Electric City FC
- Full name: Electric City Football Club
- Short name: ECFC
- Founded: August 9, 2021
- Dissolved: January 9, 2024
- Stadium: Fleming College Stadium
- Capacity: 2,000
- Owner: Gregory Couch
- League: League1 Ontario
- 2023: League, 7th; Playoffs, DNQ (men) League, 8th; Playoffs, DNQ (women)
- Website: https://www.electriccityfc.com/

= Electric City FC =

Canadian soccer team

Electric City Football Club was a Canadian semi-professional soccer team based in Peterborough, Ontario, that competed in League1 Ontario's men's and women's division than played two seasons in 2022 and 2023.

==History==
===Formation===
The presence of soccer in Peterborough is large despite its small size, and the club is an initiative for the city to take pride in its community, not just for soccer enthusiasts. The history of the sport in the city dates back to the 1880s, and with two college and university teams, highly skilled OWSL and OSL teams, as well as multiple local youth clubs, soccer has held a significant presence in Peterborough.

The club's origins begin in late 2019, when former Canadian national team and Toronto FC player Adrian Cann met local community leader Keaton Robbins who was part of a group who was discussing the possibility of a team in the region, later joined by local business leaders Neil Morton and Richard Wood. Robbins first discussed the idea back in 2014 with League1 Ontario commissioner, Dino Rossi. Robbins also connected with Rob Jenkins, who was manager of football operations with Cavalry FC of the Canadian Premier League, who joined the project.
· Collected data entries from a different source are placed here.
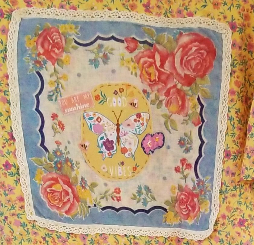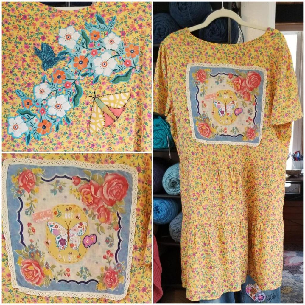 A hand appliqued humming bird and moth dance around a garland of white and orange flowers on a sweet yellow and pink floral dress. The back features a hand embellished vintage handkerchief with applique and embroidered details.
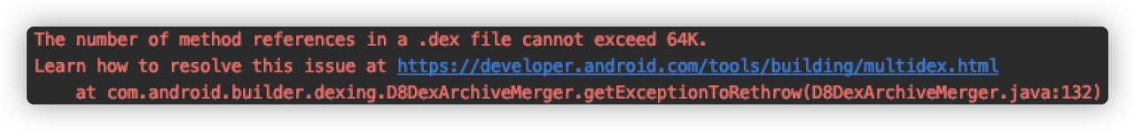 코딩을 하다보면 위와 같은 빌드 에러메시지가 발생하는 경우가 있습니다. 안드로이드 프로젝트 같은 경우 기본적으로 하나의 Dalvik Executable(Dex)형식의 실행가능한 바이트 코드 파일이 포함됩니다. 하지만, Dex파일은 메소드의 개수 65,536개가 최대이고, 메소드의 개수가 넘어갈 경우 여러개의 Dex파일을 로드할 수 있도록 멀티덱스 설정을 해주어야 합니다.
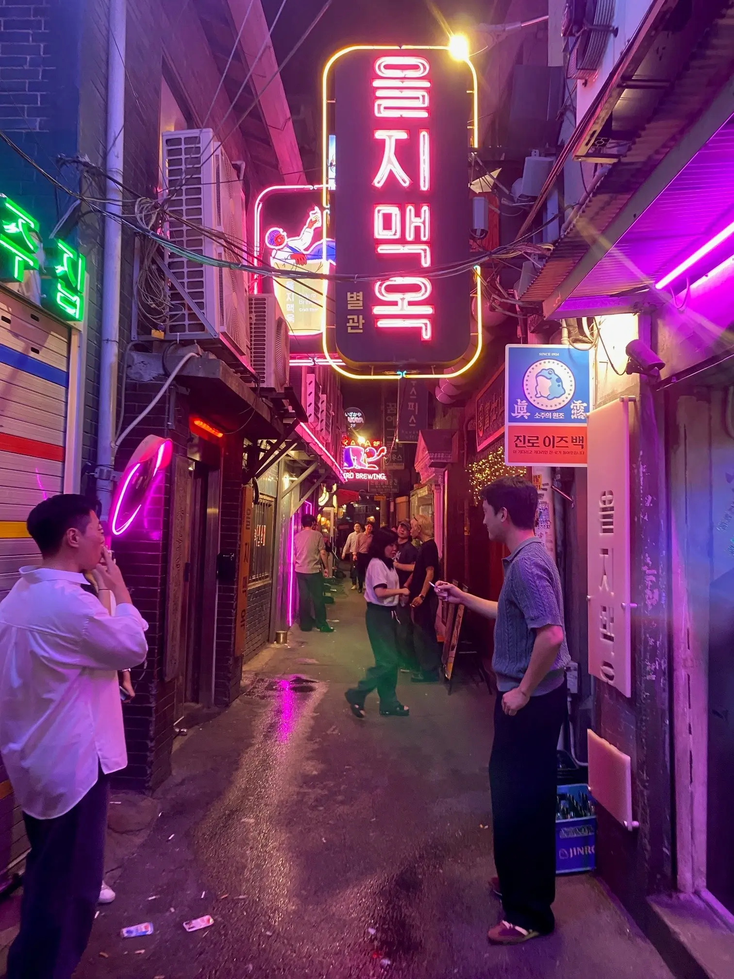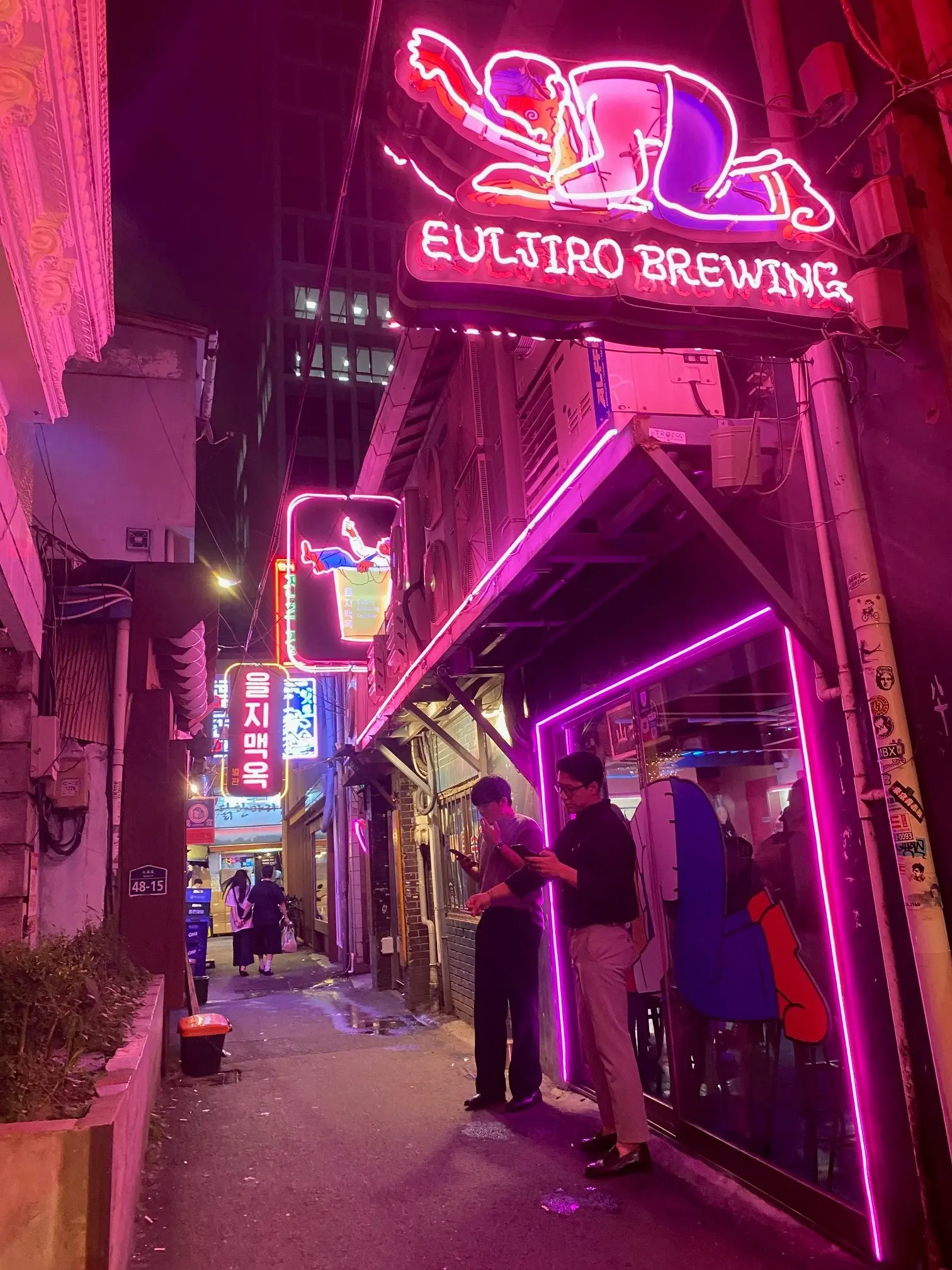 För den som gillar neonlysande barer är Euljiro 3 ett måste. Här finns den gömda baren The Ranch Brewing, som ligger dold bakom en maskin som ser ut som en vending machine. Väl inne väntar riktigt goda kycklingvingar och ölprovningar – och såklart kan man testa koreanska klassikern Chicken & Beer eller blanda soju & öl, vilket är mycket godare än det låter.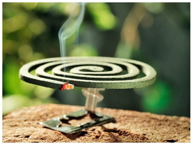 Способ применения: установите спираль от комаров на специальный держатель (входит в комплект), подожгите кончик. Спираль от комаров начнет действовать через 10-15 минут от начала горения. Одной спирали хватит на 7 часов без насекомых.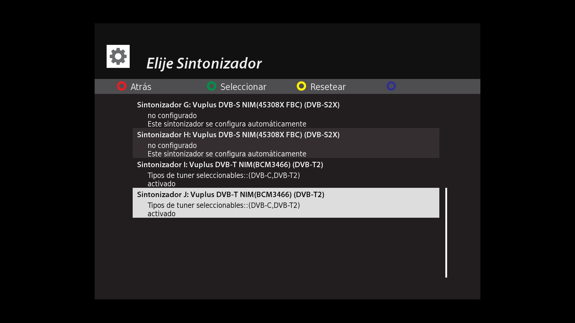 Una vez realizada la instalacion debemos realizar un reinicio completo del receptor y ahora nos apareceran dos tuner TDT:

In August 2020, the club formed a partnership with local youth club Maple Leaf Cavan FC to serve as a feeder system, later expanding the affiliations to include four other local youth clubs - Peterborough City SC, Peterborough Youth SC, Northumberland United and Kawartha Lakes SC - in 2022. The group initially intended to build a 3,000 seat outdoor stadium on the former Rona property on Chemong Road. The club has previously approached Trent University about potentially using its Justin Chiu Stadium until a permanent facility is completed on Chemong Road.

Their goal was originally to try to get an expansion team for 2021 in League1 Ontario, a semi-professional league, underneath the top tier Canadian Premier League, although Morton said 2022 may be more realistic, with the ultimate goal being to eventually join the Canadian Premier League. Morton said the goal is to start with a men's team and eventually add a women's side. Cann was initially expected to serve as the team's head coach. In January 2021, the club announced that they delayed their application to the league to 2022, in part due to the uncertainty caused by the COVID-19 pandemic.
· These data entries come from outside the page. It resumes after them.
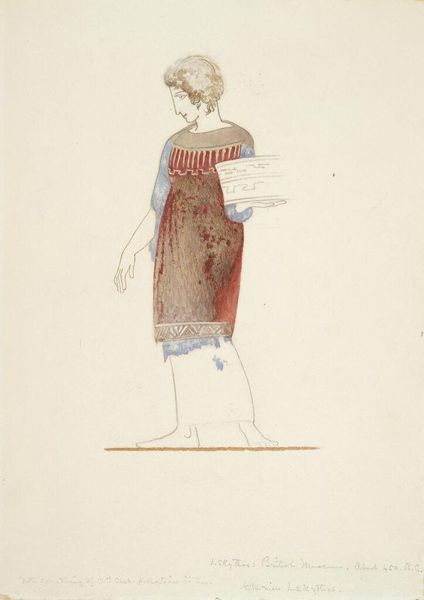 Curator: Carl Larsson created this watercolor, “Rouge et Noir,” in 1906. Let’s take a closer look. Editor: There’s a kind of shy theatricality to this. That drape of vibrant red over the dark…is that a nightgown? It feels like she's stepped out of a dream, or maybe a play, and hasn't quite decided which world she belongs to. Curator: Larsson was known for his intimate depictions of family life and Swedish domesticity. Though less characteristic of that style, "Rouge et Noir" provides an interesting insight into the artistic trends of the early 20th century and his engagement with the female portrait. Editor: Those soft watercolors almost give it an unfinished quality, as if the image is still emerging from the paper itself. I love how the red anchors the eye, while everything else sort of dissolves. Like memory, selective in what it holds onto. Curator: Consider how the symbolism of red and black – desire and the unknown – could signify not just aesthetic choices but societal ones. Did this capture changing attitudes toward female agency during this era? Editor: Maybe! Or maybe Larsson was just playing with color, trying to evoke a mood rather than making a grand statement. You know, sometimes a red cloak is just a red cloak. Curator: While true, even simple things hold symbolic meanings within them. It is undeniable that Larsson positions her in relation to art history and contemporary societal attitudes regarding women. Her demure posture juxtaposed with the transparency of her garments prompts considerations of how women were both objectified and celebrated. Editor: Perhaps it’s this tension, the push and pull between innocence and something a bit more knowing, that gives it staying power. Art that poses a question instead of declaring an answer…that’s the stuff that really lingers, isn’t it? Curator: Indeed, and perhaps the artwork mirrors Larsson’s own inner debate regarding traditions and modernity at the turn of the century. Thank you for that insight, I had not thought about it in that manner. Editor: It was a pleasure!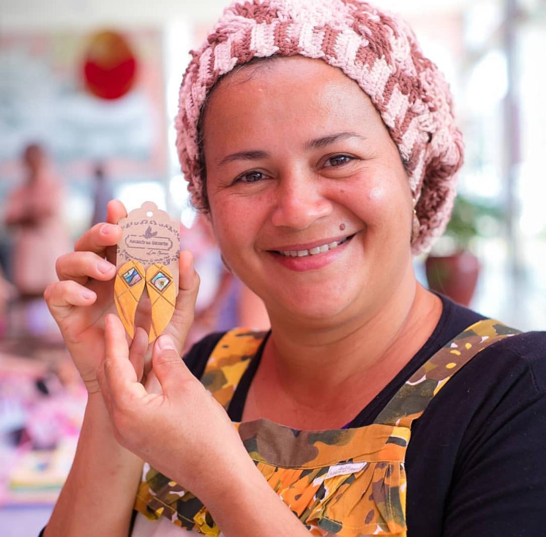 Cristiane Oliveira, 46, também rondoniense, diz que se inspira nos elementos da natureza “para dar voz, cor e vida” à sua arte. Considera-se empreendedora “florestal” há 23 anos. Também está em busca de autoconhecimento e amor à liberdade. Foi apresentada para o artesanato por sua mãe e se descobriu apaixonada pela arte quando se deparou com a arte alternativa da ecojoia, ou biojoia. Profissional há 23 anos, aproveita toda semente, madeira e demais matérias-primas típicas da região norte para produzir lindas biojoias.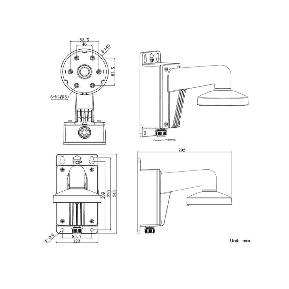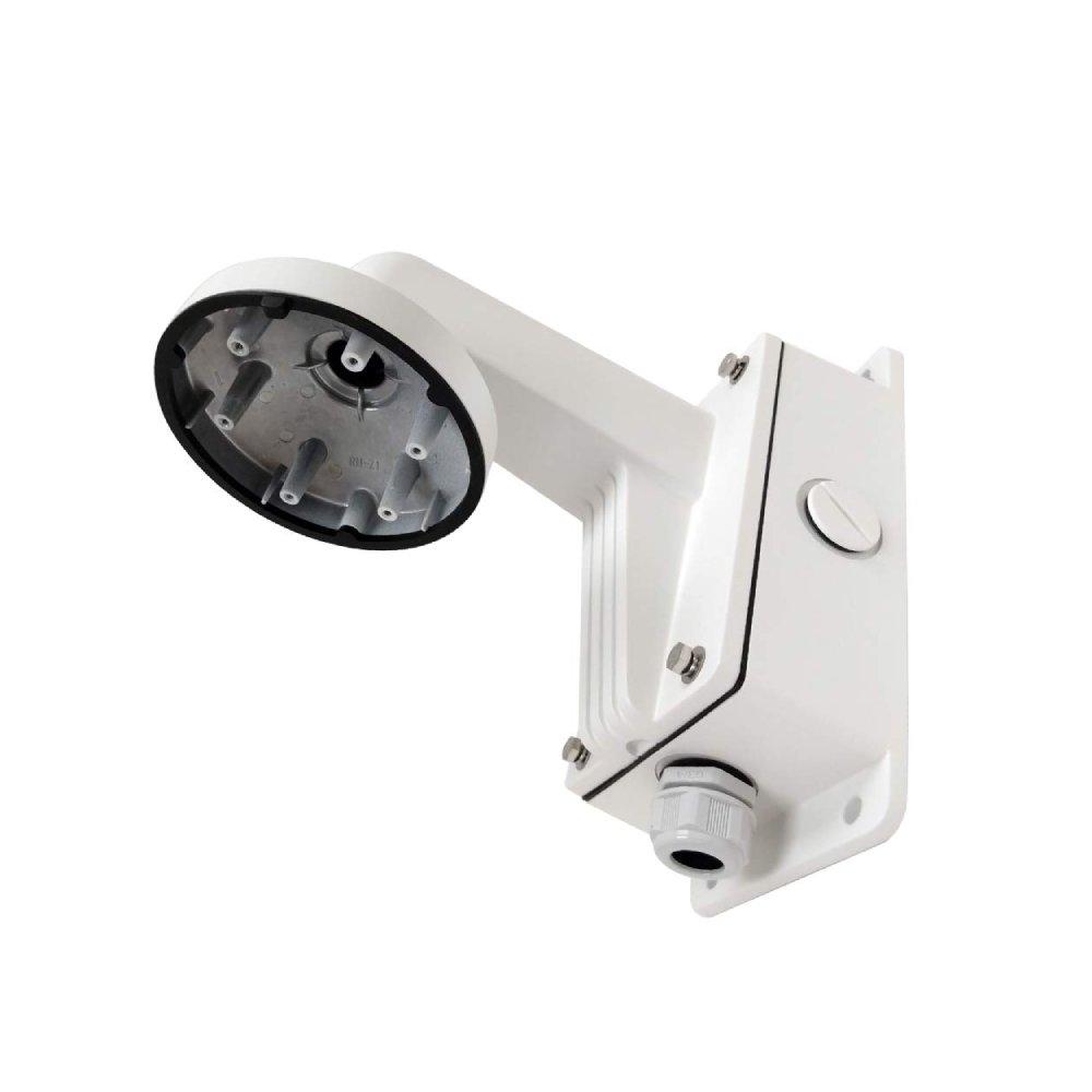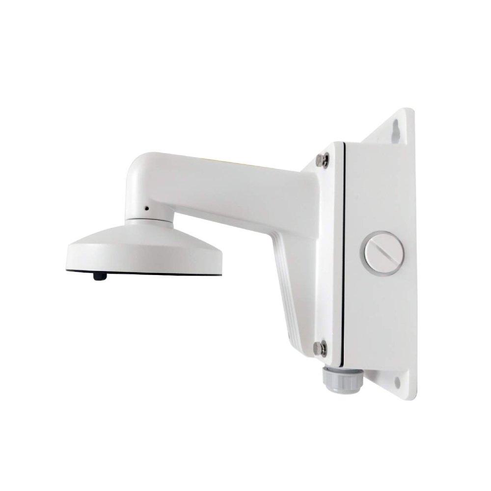 This wall mounting bracket with built in junction box is designed to hold a dome IP camera. It is constructed of treated aluminum alloy material for better protection against the elements in outdoor applications.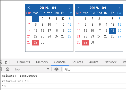 Run the emulator, select the dates from the first and second Calendar components, call the added method in the console window, and check the returned value.
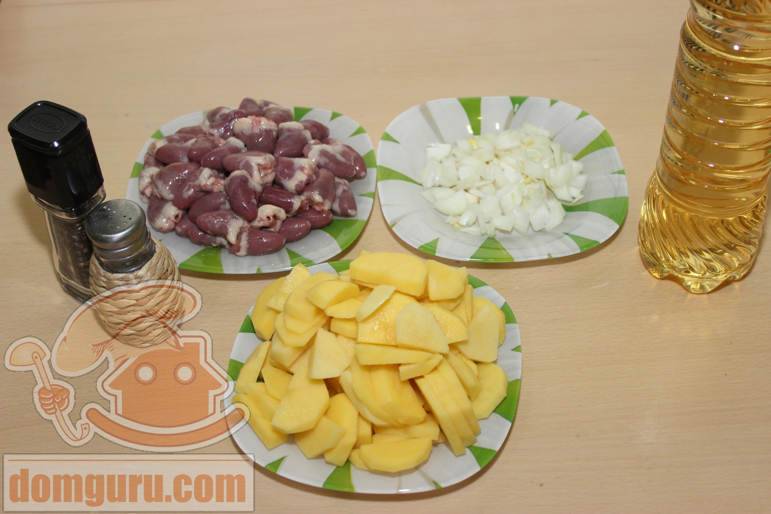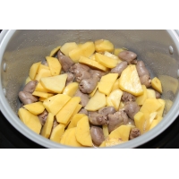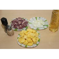 Почистите лук и измельчите его. Куриные сердечки промойте. Картофель очистите и нарежьте кружочками.

===Official announcement===

Electric City FC secondary logo

The club was officially announced in August 2021, announcing their intention to join the semi-professional League1 Ontario in 2022, as well as a women's team in 2023, with businessman Rob Couch serving as majority owner, alongside some other minority owners, as well as Rob Jenkins as Club President with Keaton Robbins also involved. Upon its launch, the club revealed aspirations of joining the professional Canadian Premier League, as early as 2024. The club would announce their first head coach later in the fall. (However, by the opening of the first season, Couch assumed full control and refunded the investments of the other minority owners). The club officially joined League1 Ontario in October 2021, after acquiring the L1O license held by Toronto Skillz FC. They also announced their intention to build a 74-acre Sports Complex on the edge of Peterborough including a soccer-specific stadium for the club to be completed within three years. In November 2021, they announced they would field a women's team in League1 Ontario women's division for the 2022, a year earlier than their original expectation. However, prior to the season's launch Keaton Robbins, a major driving force in the club's creation, departed the club and the club also parted ways with head coach Michael Marcoccia, replacing him with Jamie Sherwood prior to the team's first match.

===Playing history (2022-2023)===
The men's team played their first match on April 21, 2022, ending in a 0–0 draw against defending champions Guelph United F.C. They played their first home match on May 7 at Fleming College, earning their first ever victory, defeating Windsor TFC 3–0, while setting a League1 Ontario attendance record of 1565. The women's team played their first match on the road on April 23, defeating Alliance United 2–1. The women's team set a League1 Ontario women's attendance record, with 1009, in their home opener on May 14 in 4–1 victory over Blue Devils FC.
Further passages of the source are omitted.